Monitoring the Cost per Unit in realtime could perhaps have been a decision support tool to highlight what action to take and when to take it.
Cost per Unit is easy to calculate. Just divide the total costs with the number of units produced. But that merely shows the volatility of the cost level, that can be used to set the Profit Margin. Identifying Min/Max periods and the fluctuation is a help though.
Grouping the costs gives a better indication. Ingredient costs and Energy costs are volatile market prices and something you are not in direct control of. We call this Volatile Cost per Unit. To level it with the overall Cost per Unit, we include the yearly average of the other costs.
Salaries, Equipment and SG&A is something you can control directly and change. We call this Fixed Cost per Unit – we know they aren’t fixed per se. And again, we include the yearly average of the volatile costs to keep it in level. This is the graph it produces:
Everything looks well balanced beginning of year. The Volatile Cost Per Unit is well aligned with the overall Cost per Unit. When the equipment was getting upgraded the Fixed Cost per Unit peak.

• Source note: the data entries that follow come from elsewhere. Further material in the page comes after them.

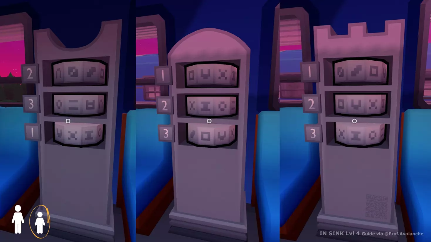 总之,感谢阅读。哈哈,再见。 引用自 Prof. Avalanche:无编辑。 房间9(船只) 该房间包含3个谜题。 成功完成第一个谜题后,第二个谜题会出现,接着是第三个。 谜题1 前往船只并踏上平台。你看到了什么? 提示:这是数学问题。数字缺失了。颜色很重要。 仔细查看船只内外。你能找到一些数字吗?它们有颜色吗? 船只外部有两个位置。一个有带有数字和颜色的板子,另一个是需要选择数字的刻度盘。刻度盘稍后会用到。我们先专注于板子。 查看板子,注意带有红色图案的数字。这个图案有什么特别之处?观察面板上带有颜色的其他数字。其排列是否遵循某种规律? 无论是在脑海中记忆,还是写在纸上或使用Steam覆盖层的笔记功能,都请记录下所有数字。 回想一下船上的公式。进行计算吧。使用面板上的数字,横向读取。 提示:蓝色 5 2 x 8 红色 3 7 1 6 黄色 4 x 2 7 计算式:蓝色 + 红色 - 黄色 等式的结果可在刻度盘处设置,缺失的数字可以猜测。 刻度盘答案:4 6 2 7 谜题2 在船上: 儿童角色爬过狭小空间进入新房间。 成人角色通过打开的门向下进入新房间。 成人角色的任务:告诉你的同伴你在屏幕上看到的符号。详细描述。你的队友可能会看到极为相似的符号,所以请保持耐心并积极沟通。 儿童角色的任务:选择队友屏幕上出现的符号。他们需要向你描述该符号的样子。 如果选错符号,你将不得不重新开始。 连续正确输入6个符号后,下一个谜题将会出现。 谜题3 你们两人都会看到一张地图。你们控制着同一艘船。 一人只能控制船上下移动,另一人只能控制船左右移动。 目标是让船避开所有岩石,安全抵达目的地。 请记住,你们两人看到的地图信息不同。 你们看到的岩石位置各不相同,但都是真实存在的。 通过沟通来避开彼此看到的岩石。像这样提问:我能向上移动多少格?好的,现在你最多还能向左移动3格。根据你的地图,我最多能向下移动多少格?哦,那太多了,我的地图上有块石头,我会提前停下。你最多能向……移动2格。 完成最后一个谜题并按下红色按钮后,成就将会解锁。 恭喜你!
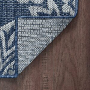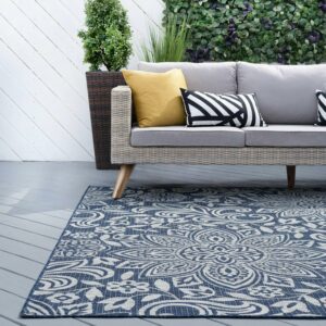 – 5×8 Water Resistant, Indoor Outdoor Rugs for Patios, Front Door Entry, Entryway, Deck, Porch, Balcony | Outside Area Rug for Patio | Navy, Floral | Size: 5’3” x 7’3”
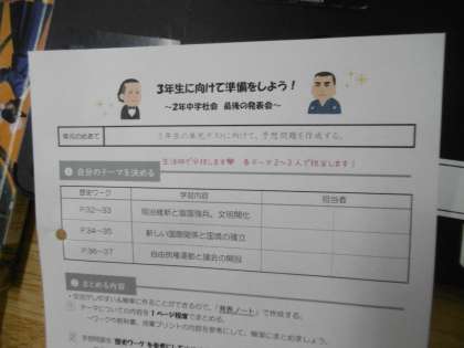 授業のめあては「3年生の単元テストに向けて、予想問題を作成する」でした。班の係分担は以下の通りです。
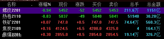 昨日冲高未果后,夜盘成材品种全部低开。日盘,期货市场震荡加剧,多品种盘中翻绿,尤其原料端多空拉锯非常明显,最终勉强收涨,成材端整体则偃旗息鼓,阴线收尾。螺纹期货最低触及5400元,热卷期货则一度击穿5700元大关。
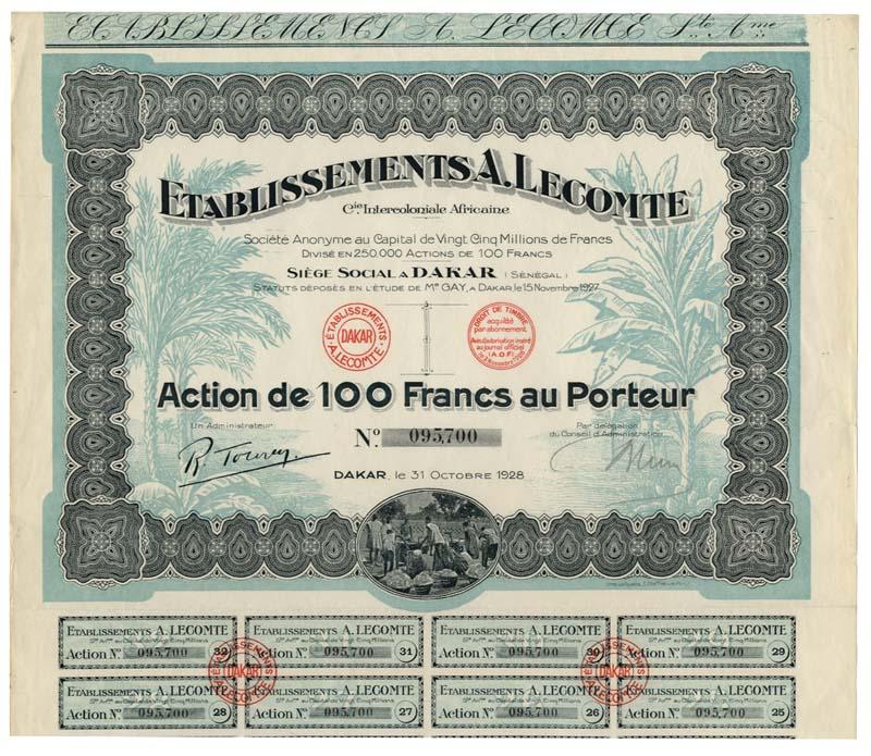 1928, Bond for 100 francs. Black/Teal. Bottom center vignette of people working. Attached coupons. Uncancelled and fine.
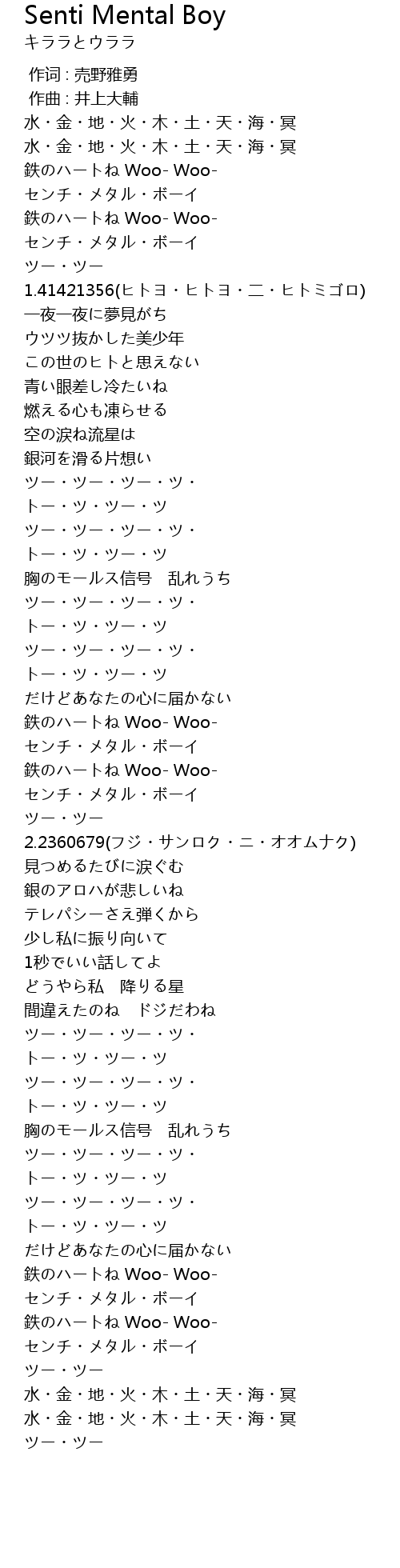 | [02:19.220] | 2.2360679(フジ・サンロク・ニ・オオムナク) |

It clearly shows in April that the margin would be very low as the gap of the cost price and retail price is low. We would of course know that in advance when the equipment order was made. The volatile cost went under the radar here.
In July you can see the grey curve is now the main driver of your expenses. This is a strong hint you should monitor and prepare a contingency plan. The volatile Cost per Unit was higher than the overall Cost per Unit! In August it had been for 3 months straight.
A price increase could have been introduced at that time. Instead price was increased in november but the increase was too small to withstand the increase in energy costs as well. The best scenario could have been raising the retail price to 5.6 in August and again to 5.7 in November to secure Profit Margin.
The Cost per Unit calculations can show many different scenarios including the impact of Downtime. Planned as well as Unplanned.
If you have Planned downtime, you are in control and know when the impact comes and can adjust accordingly. You know the decrease in output albeit the Fixed costs remain the same.
Unplanned downtime can be calculated the same way. The time period, the cost in that period and the output in that period. This can be aligned in the total Cost per Unit and give a strong indication early on, on what this means to the margin. It allows other departments to adjust, ex. adjust the discount levels, retail price and/or start negotiating new deals in the supply chain.
Everyone working for the company should know the Cost Per Unit and how they can affect it positively. But in a time of inflation volatility is the problem, and best to be prepared for it.
Graph Details
You can clearly see the Volatile Cost per Unit (grey) is above the total Cost per Unit (red) already in June, well before we saw the Profit Margin drop in October. When both Volatile and Fixed Cost per Unit are higher than the total Cost per Unit, trouble is a brewing!